Image via Wikipedia This journey through Motherhood, has me on my knees. No, not begging for more-but begging for a holiday. I think a month would do it. Okay, maybe two. I walked out this morning to the kitchen, (5.15am) to the jumble of the night before. A dinner plate on the couch, a cup on the floor, random teaspoons and forks placed anywhere but the dishwasher. Lettuce on the table, a rotton apple in the sink. (The compost bin is not an easy enough reach...er..directly below..) There are rabbits face down under the table, a dog behind the horrible chair and Paloma's 'blanky' on the floor near the door.( No body could find the blanky last night.)
The washing basket is on the ugly blue couch and the clean yet unfolded clothes are piling up on the space-wasting treadmill behind it. My Mother eye follows the general mayhem of my house. As Bart says, 'I didnt do it". And the children will all be in unison with him. They didnt do it either.

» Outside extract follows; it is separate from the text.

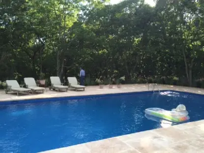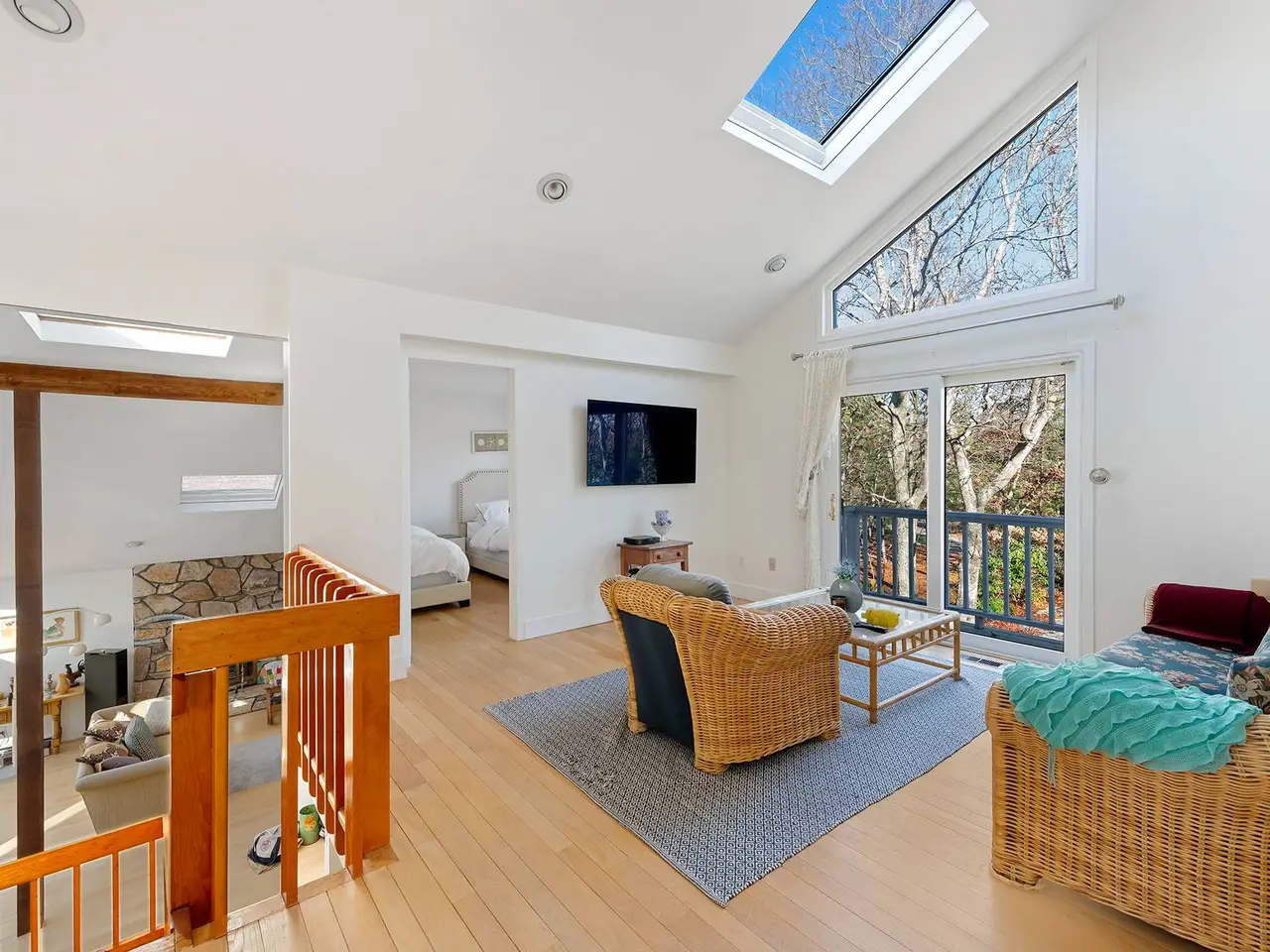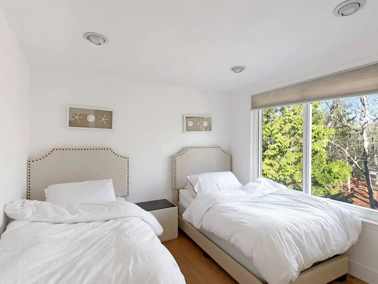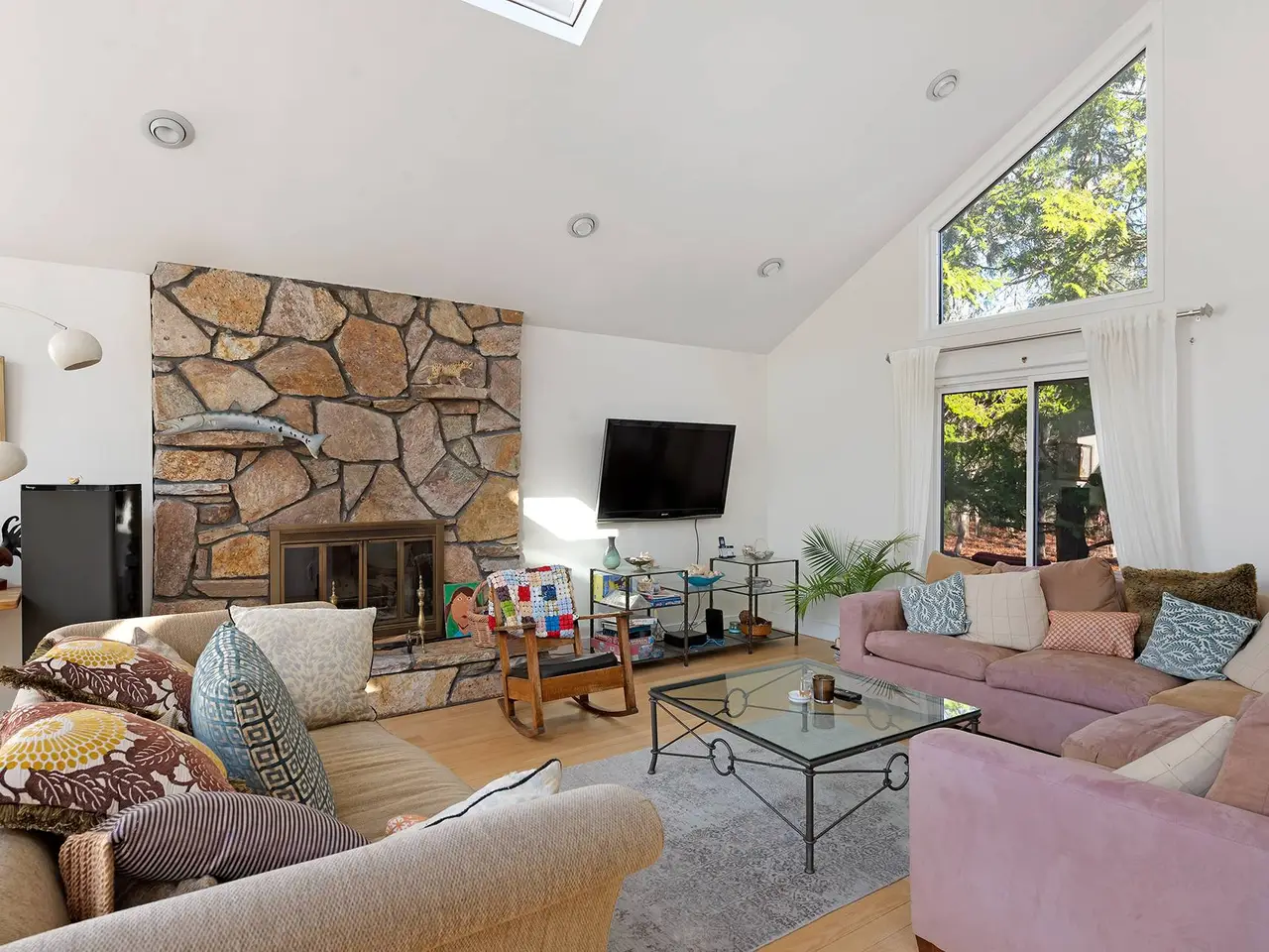 Rental Registration #: 23-18. Striking contemporary, privately situated on a beautifully landscaped approximately one-acre property. Features include a sun-drenched living room with fireplace, dining area, kitchen, four bedrooms, and two and a half baths. Additional amenities include central air-conditioning, outdoor shower, expansive decking, and a heated pool.

Yet... I have to clean it up..again and again and again. And this is why I need a 'break'.
I feel a need of a mental,spiritual feast, where no small person is going to ask me where their sock is while I am meditating, or ..thinking..or trying to be. I feel a bit wrung out. I understand I am not actually wrung out...the feeling is all of my creation. I take full responsibility for it-I also take full responsibility for fixing it. I guess this is why I am in this state -of-mind. I have not taken a break for a lot of years, in fact the longest I have been away from the mess and my little loves, is while I was hurtling myself through the 267kilometers of the COAST TO COAST race in Febuary. What a holiday!..Yes it really was..loved it. But a yoga retreat sounds good to me now. At the moment.